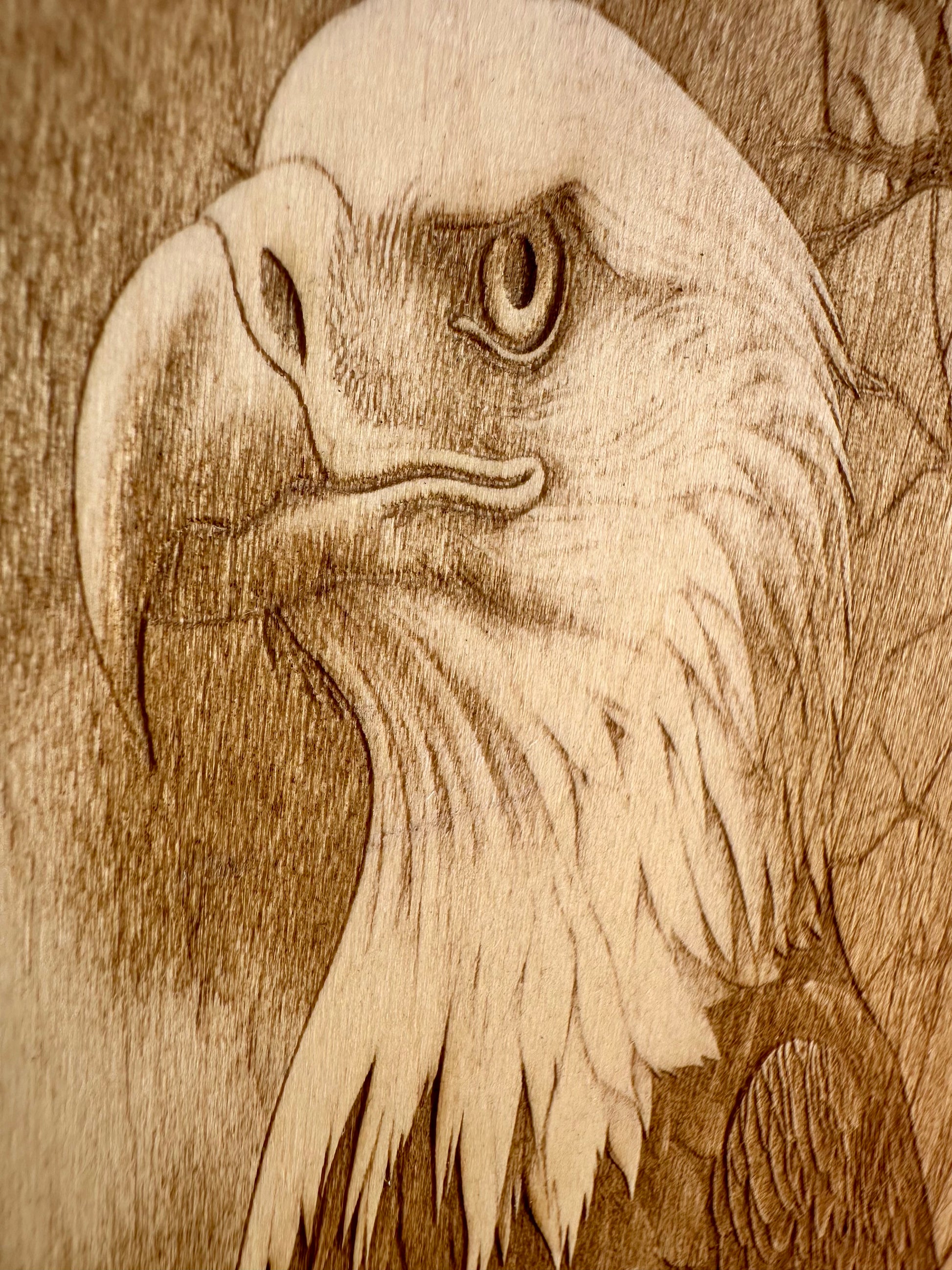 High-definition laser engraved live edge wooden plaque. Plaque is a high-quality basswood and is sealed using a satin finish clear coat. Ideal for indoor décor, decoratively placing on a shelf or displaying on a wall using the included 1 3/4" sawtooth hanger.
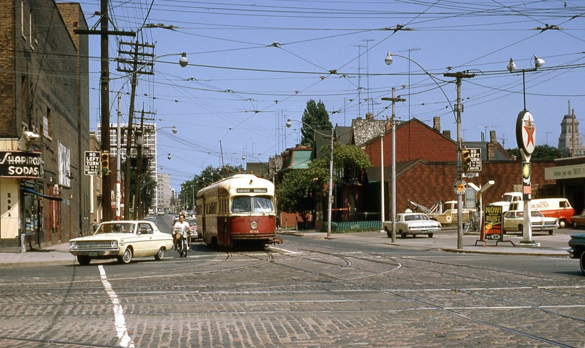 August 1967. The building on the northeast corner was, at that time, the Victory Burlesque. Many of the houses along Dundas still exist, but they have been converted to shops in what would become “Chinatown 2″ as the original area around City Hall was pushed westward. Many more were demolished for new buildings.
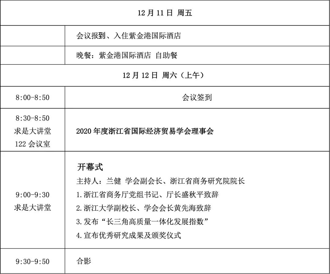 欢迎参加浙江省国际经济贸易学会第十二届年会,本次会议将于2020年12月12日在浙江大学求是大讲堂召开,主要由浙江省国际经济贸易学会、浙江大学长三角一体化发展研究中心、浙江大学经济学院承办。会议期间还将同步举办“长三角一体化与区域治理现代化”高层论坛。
———
#### WHAT THE TASK REQUIRES
Would it be possible to give the material above again exactly, with the pictures left out?

#### REPLY TO THE EXERCISE
 High-definition laser engraved live edge wooden plaque. Plaque is a high-quality basswood and is sealed using a satin finish clear coat. Ideal for indoor décor, decoratively placing on a shelf or displaying on a wall using the included 1 3/4" sawtooth hanger.
 August 1967. The building on the northeast corner was, at that time, the Victory Burlesque. Many of the houses along Dundas still exist, but they have been converted to shops in what would become “Chinatown 2″ as the original area around City Hall was pushed westward. Many more were demolished for new buildings.
 欢迎参加浙江省国际经济贸易学会第十二届年会,本次会议将于2020年12月12日在浙江大学求是大讲堂召开,主要由浙江省国际经济贸易学会、浙江大学长三角一体化发展研究中心、浙江大学经济学院承办。会议期间还将同步举办“长三角一体化与区域治理现代化”高层论坛。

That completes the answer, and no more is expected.